Another important issue is the monophyly of Rhagophthalmidae. The group was originally proposed only for Dioptoma, Ochotyra, and Rhagophthalmus (Olivier 1907, 1910), and later Pic (1937) added Mimoochotyra. This concept was adopted by McDermott (1964, 1966). Crowson (1972) transferred some Asian genera (Cydistus, Diplocladon, Falsophrixothrix) from Drilidae to Phengodidae, and these were later added to Rhagophthalmidae together with Dodecatoma (Lawrence and Newton 1995). Cydistus was later transferred to Phengodidae (Kundrata et al. 2019). The current concept of Rhagophthalmidae consists of males which have exactly 12 antennomeres, with antennomere III being longer than antennomere II, a telescopic abdomen that is usually narrowed apically, and females which are more or less larva-like. However, the monophyly of this group as currently defined has never been rigorously tested.

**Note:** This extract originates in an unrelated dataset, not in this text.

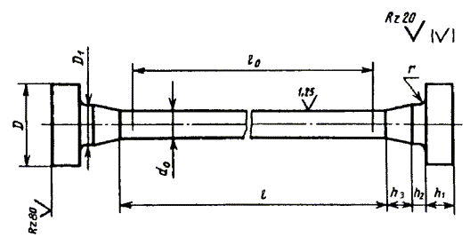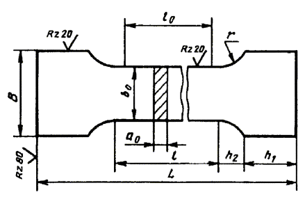 хрупких материалов допускается изготовлять с начальной расчетной длиной l0 = 2,82 При наличии указаний в НТД на металлопродукцию допускается применять и другие типы образцов, в том числе и непропорциональные, для которых начальная расчетная длина l0 устанавливается независимо от начальной площади поперечного сечения образца F0. (Измененная редакция, Изм. № 2). 1.9. Типы и размеры пропорциональных цилиндрических и плоских образцов приведены в приложениях 2 и 3. Тип и размеры образца должны указываться в нормативно-технической документации на правила отбора проб, заготовок и образцов или на металлопродукцию. Допускается применение при испытании пропорциональных образцов других размеров. Для плоских образцов соотношение между шириной и толщиной в рабочей части образца не должно превышать 8:1. 1.10. Форма и размеры головок и переходных частей цилиндрических и плоских образцов определяются способом крепления образцов в захватах испытательной машины. Способ крепления должен предупреждать проскальзывание образцов в захватах, смятие опорных поверхностей, деформацию головок и разрушение образца в местах перехода от рабочей части к головкам и в головках. 1.11. Предельные отклонения по размерам рабочей части цилиндрических и плоских образцов приведены в приложениях 2 и 3. Для литых механически обработанных цилиндрических образцов предельные отклонения по диаметру удваиваются. Предельные отклонения по толщине плоских образцов с механически не обработанными поверхностями должны соответствовать предельным отклонениям по толщине, установленным для металлопродукции. Предельные отклонения по толщине плоских образцов с механически обработанными поверхностями - ±0,1 мм. 1.12. Рабочая длина образцов должна составлять: от l0 + 0,5d0 до l0 + 2d0 - для цилиндрических образцов, от l0 + 1,5 При разногласиях в оценке качества металла рабочая длина образцов должна составлять: l0 + 2d0 - для цилиндрических образцов, l0 + 2 Примечание. При использовании тензометров допускается применение образцов с другими рабочими длинами l, величина которых больше указанных. (Измененная редакция, Изм. № 2). 1.13. Образцы маркируют вне рабочей длины образца. 2. АППАРАТУРА2.1. Разрывные и универсальные испытательные машины должны соответствовать требованиям ГОСТ 28840. 2.2. Штангенциркули должны соответствовать требованиям ГОСТ 166. Микрометры должны соответствовать требованиям ГОСТ 6507. Допускается применение и других измерительных средств, обеспечивающих измерение с погрешностью, не превышающей указанную в п. 3.1. 2.3. Тензометры должны соответствовать требованиям ГОСТ 18957. При определении предела пропорциональности и пределов текучести условных с допусками на величину пластической или полной деформации при нагружении или остаточной деформации при разгружении до 0,1 % относительная цена деления шкалы тензометра не должна превышать 0,005 % от начальной расчетной длины по тензометру le; при определении предела текучести условного с допуском на величину деформации от 0,1 до 1 % - не должна превышать 0,05 % от начальной расчетной длины по тензометру le. (Измененная редакция, Изм. № 2). 2.4. Линейки металлические должны соответствовать требованиям ГОСТ 427. 3. ПОДГОТОВКА К ИСПЫТАНИЮ3.1. Для определения начальной площади поперечного сечения F0 необходимые геометрические размеры образцов измеряют с погрешно

Several genera were included in molecular phylogenetic analyses, including Bicladodrilus, Falsophrixothrix, Mimoochotyra, and Rhagophthalmus (incl. Ochotyra) (Bocakova et al. 2007; Kundrata et al. 2014, 2019). These genera always formed a monophylum. However, it should be noted that at least the generic placements of specimens identified as Bicladodrilus sp. from China and Mimoochotyra sp. from Malaysia are dubious. As Bicladodrilus, Bicladum, and Diplocladon are similar in general appearance and possess biflabellate antennae, this generic complex is in need of revision. While there are no described Bicladodrilus species in China, a species of Diplocladon was recently described from Hong Kong (Yiu 2017). The single described species of Mimoochotyra is known from Java (Pic 1937; Wittmer 1944).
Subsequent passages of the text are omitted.